◆ **What you should do**
Look through the data below. Collect every line where the word "Kolumbus" occurs.

◆ **Supplied entries**
------------------------------
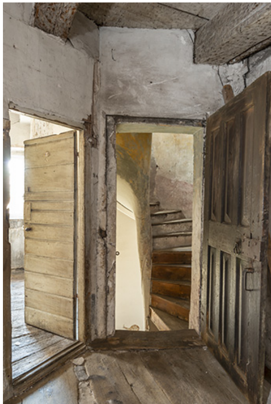
Entrée du couloir depuis la tour polygonale.

39, Salins-les-Bains, 79 rue de la République
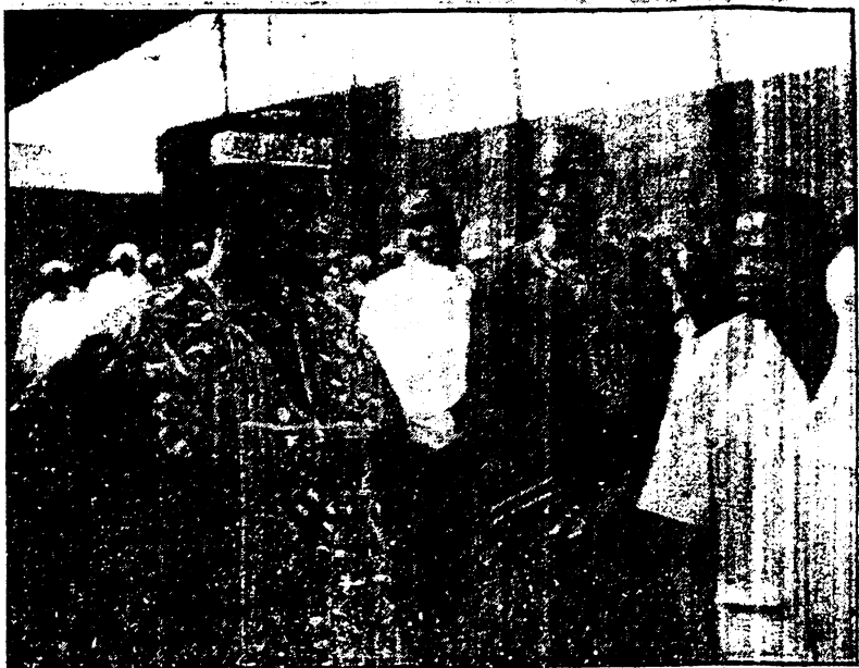
Les fidèles musulmans ont répondu nombreux à l'appel

chapitre 3 du Saint Coran bref notons que ce passage sus-cité a été le leitmotiv d'un atelier sur les voies et moyens pour l'instauration d'un comité de coordination des associations et mouvements islamiques du Burkina Faso". A travers cet atelier, l'espoir en une Fédération des associations et mouvements islamiques dans notre pays à l'instar du Conseil national islamique de la Côte d'Ivoire est née. Pour quand ? L'avenir nous le déterminera. Cependant, l'initiative ou le premier pas mené dans ce sens par les musulmans de Banfora est à féliciter. Car ils ont pu faire fi de leur appartenance à la communauté musulmane, au
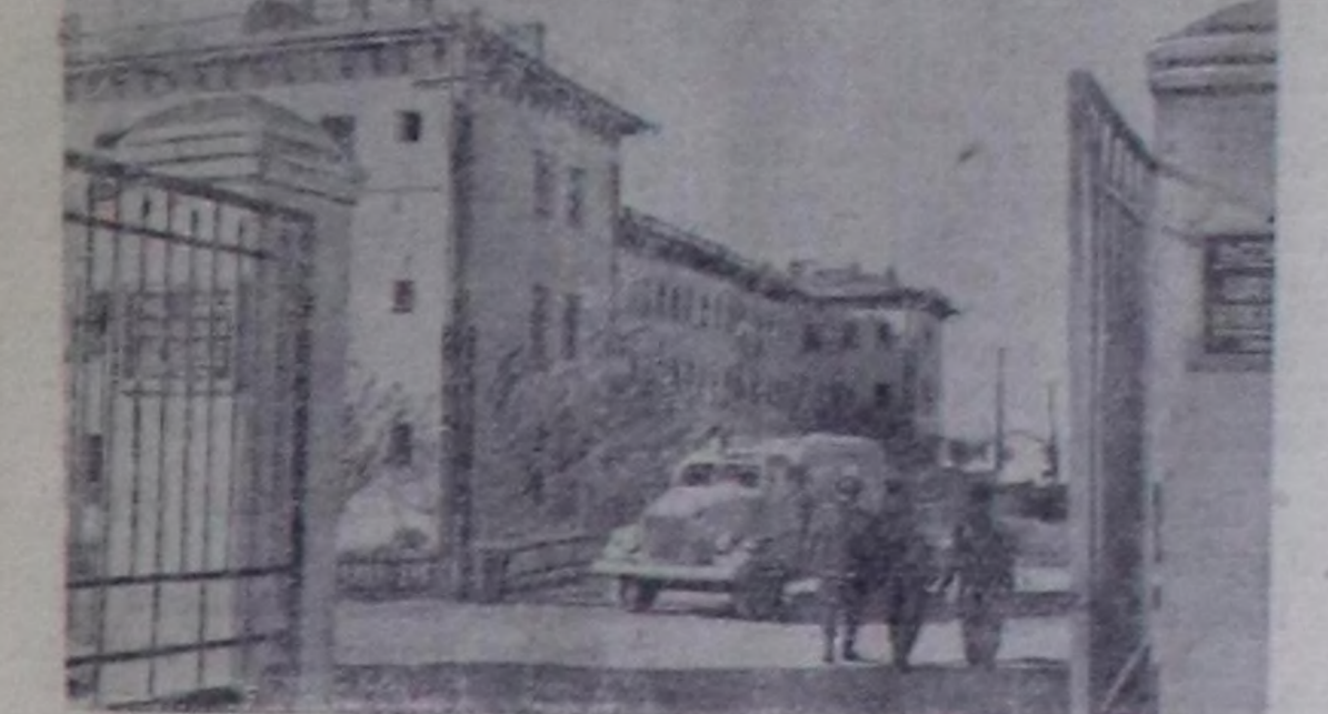
Узбек ССР. Агренте шахтерларын чаа өмнөткөн. СЭТА-ның фотохроникасы.
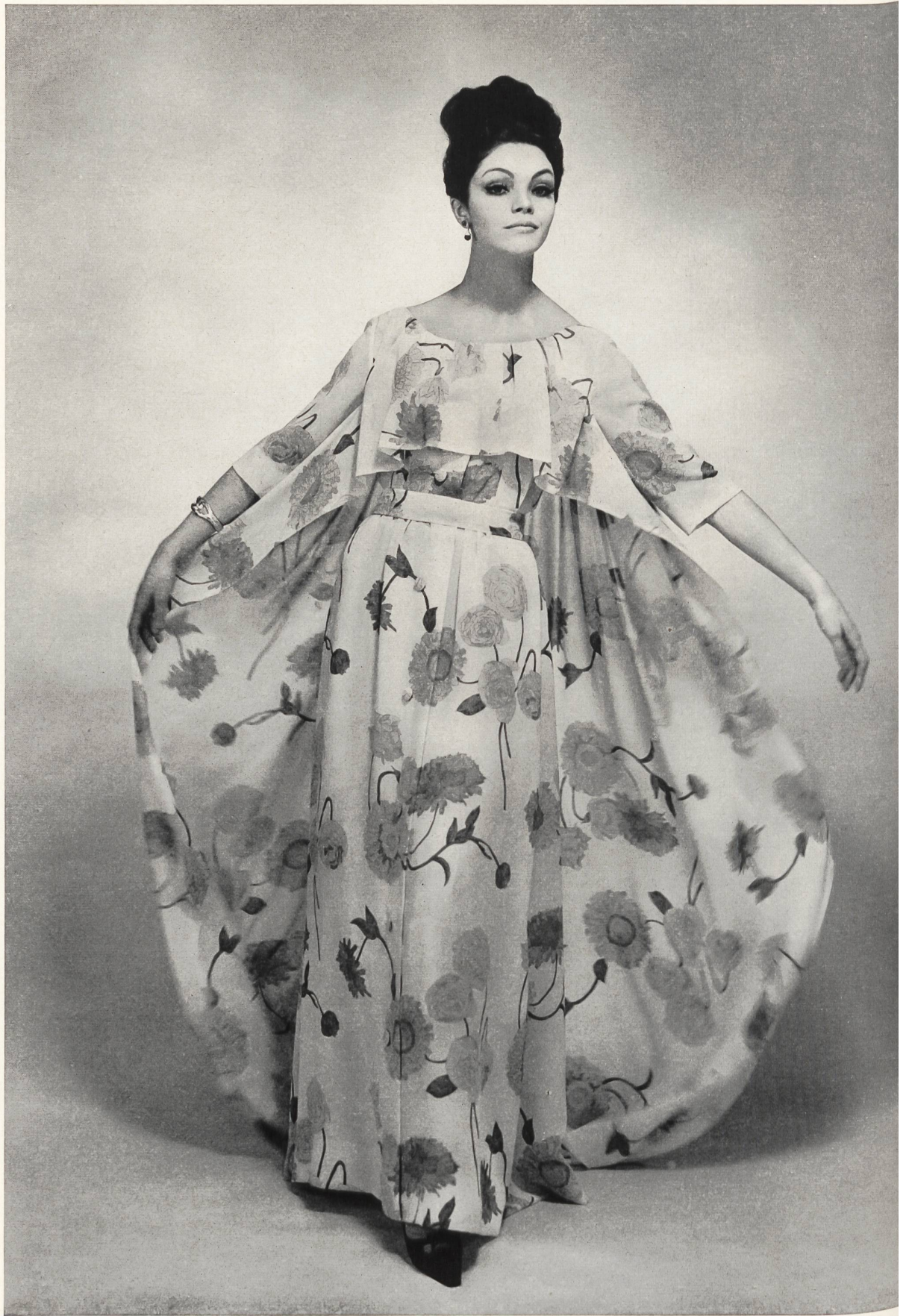
CHRISTIAN DIOR (Boutique) Crêpe « Flirte » imprimé pure soie de Rudolf Brauchbar & Cie S.A., Zurich
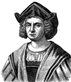
Bild 4: Christoph Kolumbus.

Christoph Kolumbus war ein Abenteurer aus Italien. Er reiste als erster Europäer zum Kontinent Amerika. Auf dem Bild siehst du Christoph Kolumbus .
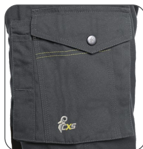
multifunkční kapsy na boku multifunkčné vrecká na boku multifunctional side pockets boczne kieszenie wielofunkcyjne
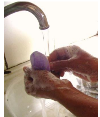
Fautuaga: la fufulu mama lima i le fasimoli i taimi uma ma faamago lelei lima i le masini faamago lima.
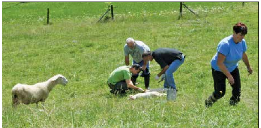
Ovca mati je s presunljivim blejanjem klicala svoje mrtvo jagnje, ki sta ga pregledovala ocenjevalca škode.

Ljubno ob Savinji: Mozirski policisti so 11. julija opravili ogled vloma v stanovanjsko hišo na Ljubnem ob Savinji. Neznani storilci so pregledali prostore in odnesli več kosov električnega orodja.
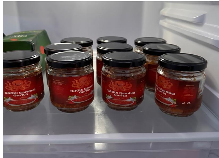
Gambar 4. Sambal Gurita yang Telah Dikemas

udara. Prinsip kerja dari induksi sealer adalah mesin induksi menghantarkan panas pada aluminium foil yang berfungsi sebagai penutup botol. Menurut Diana et al. (2021), sambal sunti yang dikemas dengan teknik induksi sealer mampu menghasilkan produk yang awet selama 4 bulan, dibandingkan dengan sambal sunti yang dikemas tanpa induksi sealer hanya mampu bertahan selama 3 minggu.
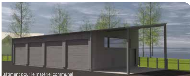
Bâtiment pour le matériel communal

Pour les communes déléguées d'Aviré, La Ferrière-de-Flée, Louvainnes, Montguillon, Saint-Martin-du-Bois et Saint-Sauveur-de-Flée, la commune a fait le choix de regrouper l'ensemble des ateliers municipaux dans un seul lieu commun.
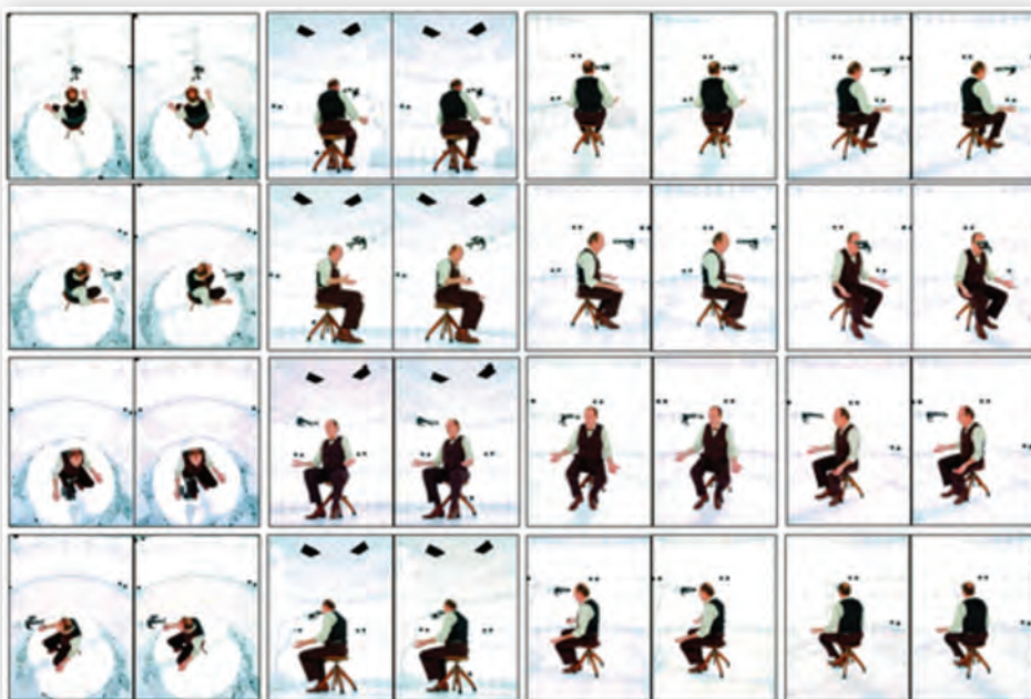
Рис. 3. 32 камерных ракурса
------------------------------
◆ **Exercise solution**
Bild 4: Christoph Kolumbus.
Christoph Kolumbus war ein Abenteurer aus Italien. Er reiste als erster Europäer zum Kontinent Amerika. Auf dem Bild siehst du Christoph Kolumbus .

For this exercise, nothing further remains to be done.